# Anyone Tried Jedwards International, Inc. ?



## thinkativeone

Anyone tried Jedwards International, Inc., i.e. http://www.bulknaturaloils.com/ ? 

I ask because I limit my soap making to only certified organic oils and essential oils (maybe eventually certified organic extracts... Have seen that it has been done, just do not know how yet). Their certified organic coconut oil is the cheapest I have found (they just got it back in stock, and are already out of stock again, so I am preparing for next time they have it in). Same for the certified organic essential oils. It is between them and Mountain Rose Herbs for me. Thanks guys! :wave:


----------



## VanessaP

I've only ever tried their cocoa butter wafers but they are a really great quality product.


----------



## thinkativeone

*Thanks!*

Good to know, thanks!  I have been really happy with Mountain Rose Herbs (I get my cocoa butter wafers for my body butter there, among other things - ohhhhhh sooo good) , but let's face it - if I can find a similar product with the same certification for less, I will have to go with that sometimes.
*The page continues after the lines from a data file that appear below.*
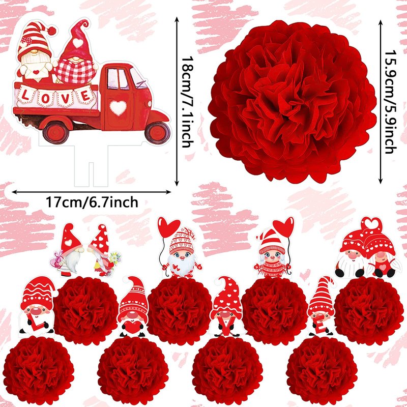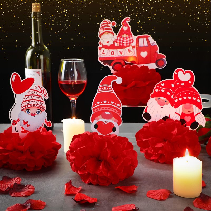 - Nice princess party decorations: the package contains 9 pieces gnome centerpieces for tables; The clusters of the flower look like wave of the sea, cute Valentine's Day gnome card topping on the flower seems like swimming in the sea, what a charming and attractive scene; Beautiful supplies for most Valentine's Day gnome theme parties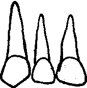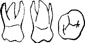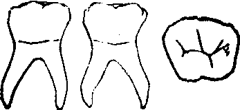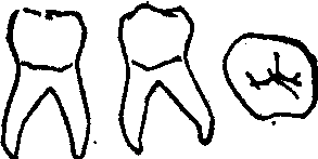 但第二乳磨牙的牙冠较小,颈缘缩小显著,颈嵴较突,牙冠从颈部向颌面内收。 因此, 颌面比牙冠颈部要小得多。上颌第二乳磨牙有三根,下颌第二乳磨牙有两根,但也有三根者(图4、5)。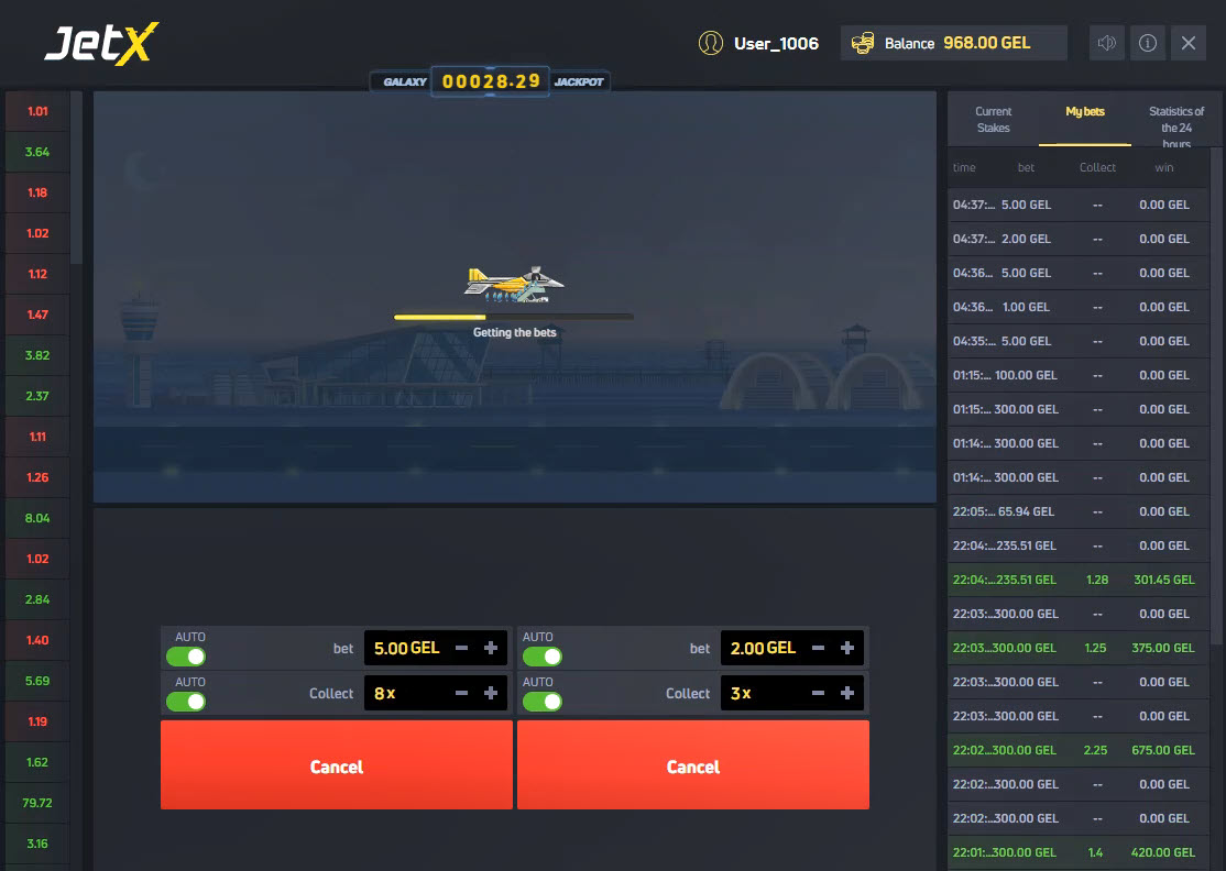 Ennen kuin tein kaksi vetoa, saldoni oli 975 GEL. Minulla ei ole aavistustakaan, mitä GEL on, rehellisesti sanottuna. Peliä pelattiin leikkisästi. Tein kaksi vetoa, kuten yllä olevassa kuvassa näkyy. Ensimmäinen veto vasemmassa alakulmassa olevassa laatikossa on 5 ja sen voittotavoite on 8x panokseni, mikä on 40. Toinen veto oikeassa alakulmassa olevassa laatikossa on 2 ja sen voittotavoite on 3x panokseni, mikä on 6. Kun nämä vedot vahvistettiin, ennen tämän kuvakaappauksen ottamista, saldoni oli pienentynyt 7:llä 968:aan, kuten yläreunassa olevasta saldokentästä näkyy.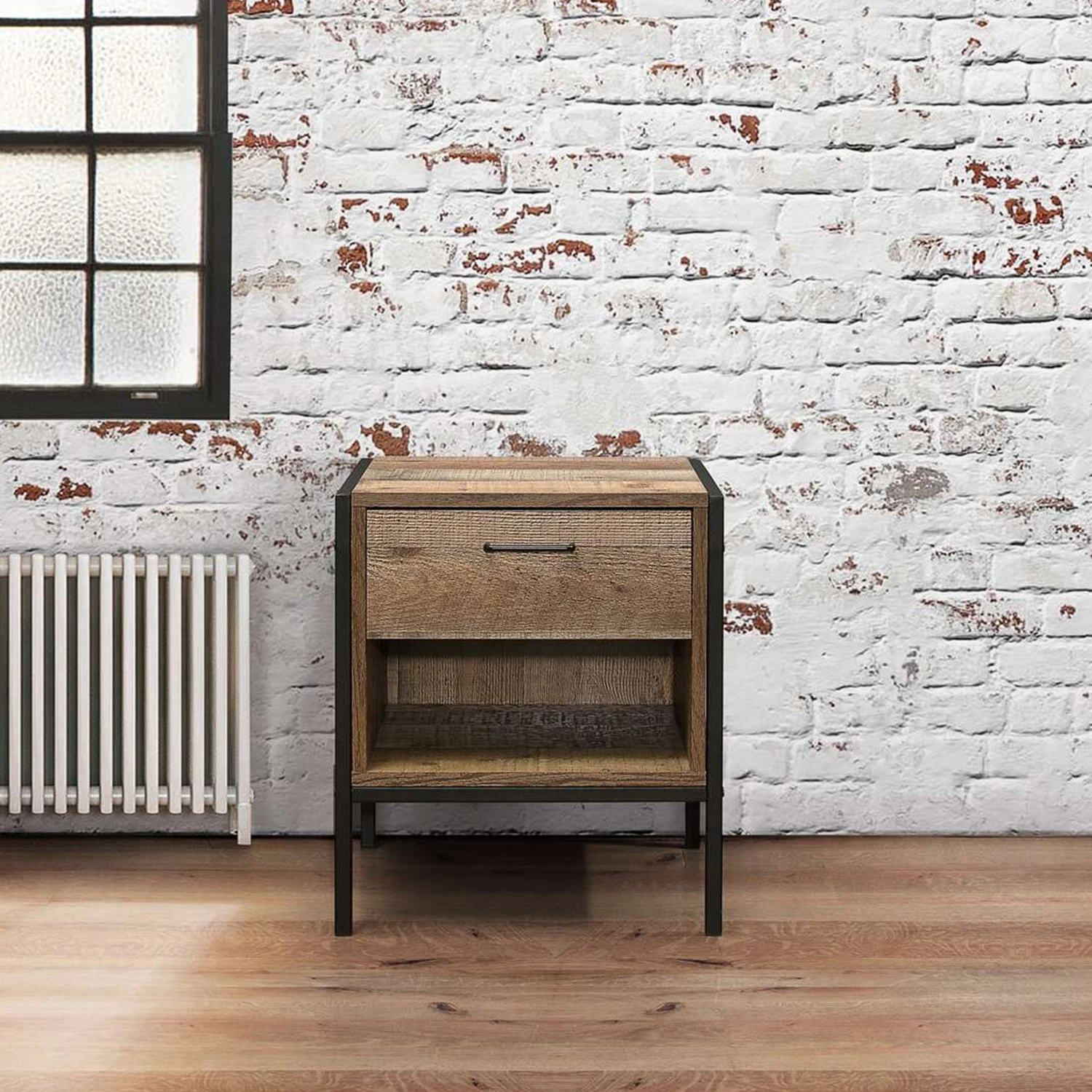 The Urban 1 Drawer Bedside features a handy drawer and internal shelf ideal for storing away any belongings. This versatile range is crafted from a metal frame with industrial-effect detail and has a wood-effect finish.

I try to buy as much locally as I can though (MRH is sort of local to me, Eugene, OR and I'm right next to Portland, OR). Hopefully they will be back in stock soon. I'm really eyeing their EOs for soaping, too.


----------



## Dreamer

Long processing time and exorbitant shipping rates (more than 2X as much as others) made me cancel my order with them. I won't be back with them unless they lower their rates. The high shipping rates is pure profit for them. So what looks like good pricing, turns out, in fact, to be not so good at all. I also don't like those kind of tactics. Just charge what you are going to charge. Don't add to the profit margin by suddenly trying to make up for it through insane shipping charges (after one spends quite a bit of time finding the right products, adding them to the cart, etc.). Couple that with the long processing time and the company is just not worth it.


----------



## IrishLass

Dreamer- both thinkativeone and VanessaP have sadly not been on the forum in at least 3 years and so they unfortunately won't be able to take your answer into consideration. 

I'm not sure if you have had the chance to read the SMF tips/guidelines yet in regard to the disadvantages/advantages of posting to old or long-silent threads, but here's a link to them just in case: http://www.soapmakingforum.com/showpost.php?p=574424&postcount=2 


IrishLass


----------